By Paul Beckman
Strickland didn’t go to work Monday. He hadn’t planned on not working his first day on the job—in fact, just the opposite; he was looking forward to it. He had his last joint at seven and his final beer at eight-thirty or nine and went to bed at a respectable ten o’clock Sunday night.
When his alarm went off at six-thirty that morning he didn’t dawdle in bed. Strickland went to his dresser and took the last of the joint, barely a half, and lit up. Just as he was about to take a morning-opening toke, the “little guy” voice on his left shoulder said, “Perhaps that’s not the best idea in the world, Strickland.”
Strickland killed the joint and jumped in the shower where he washed his hair, shaved, brushed his teeth, and peed before scrubbing his body with a loofah sponge. He toweled off, blow-dried his hair, and dressed in the clothes he had laid out the night before—white shirt, red striped tie, gray slacks, and blue blazer. He put on paisley socks and penny loafers.

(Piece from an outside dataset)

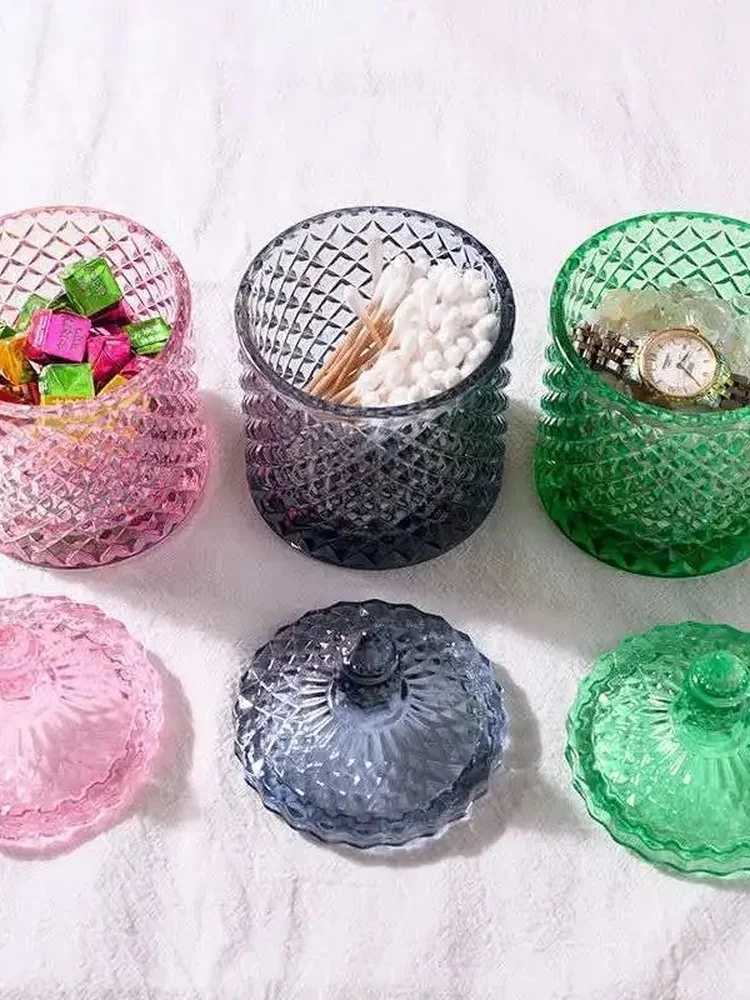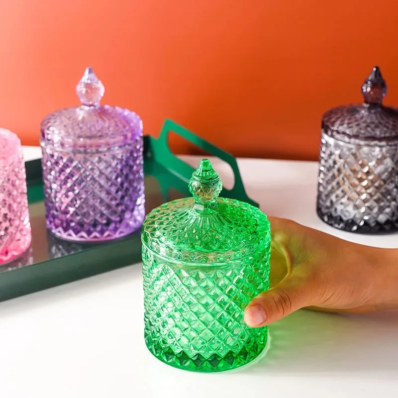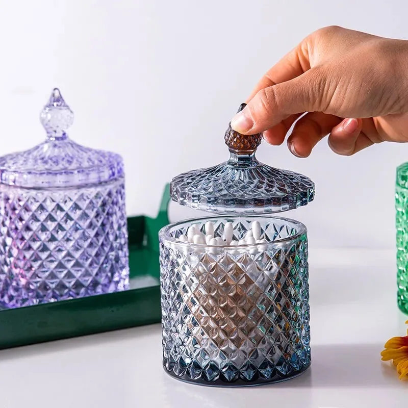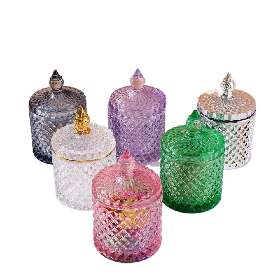 2 шт.лот цветная прозрачная стеклянная банка для хранения 300 мл крышка консервированные сахарные банки Алмазная коробка для ватных дисков органайзер для ватных дисков

Strickland felt good. He checked himself out in the mirror. “Way to go, Strickland,” Lefty, the little guy voice on his left shoulder, said.
“The least you can do is tie a good knot in that tie, Strickland,” Righty said.
Strickland re-tied his tie. It was too long, hanging past his belt buckle, then way too short. Next the knot was twisted and, finally, it was knotted the correct length, but on second glance, it was twisted and hung inside out.
Righty said, “Leave it, Strickland. In your case, practice doesn’t make perfect. And do something with your hair—it’s a mess.”
Strickland, hearing Righty’s voice, re-brushed his hair until he brushed the blow-dry out and then he squeezed some gel on his hands.
Now his hair looked like a grease monkey’s hair, all shiny and stringy and winged out by his temples. “You’re a mess, Strickland. You can’t go to work looking like that—not today of all days.”
“Ahem. Ahem,” Lefty’s voice butted in, trying to get Strickland’s attention.
“Stop bothering me,” Strickland said. “You’re always bothering me.”
“You tell him,” Righty said.
“This isn’t a good move for your first day on the job,” Lefty said. “How do you plan on explaining this to your parole officer?”
Strickland kicked off his shoes and stripped down to his boxers.
“You’ll think of something,” Strickland said. “You always do.” He lit the J.
“Yeah,” Righty said. “Let Lefty handle it, Strickland. You’re busy right now.”
Strickland was busy trying to tie his tie right and got it on his first shot. He dressed again and wet his hairbrush and checked the clock.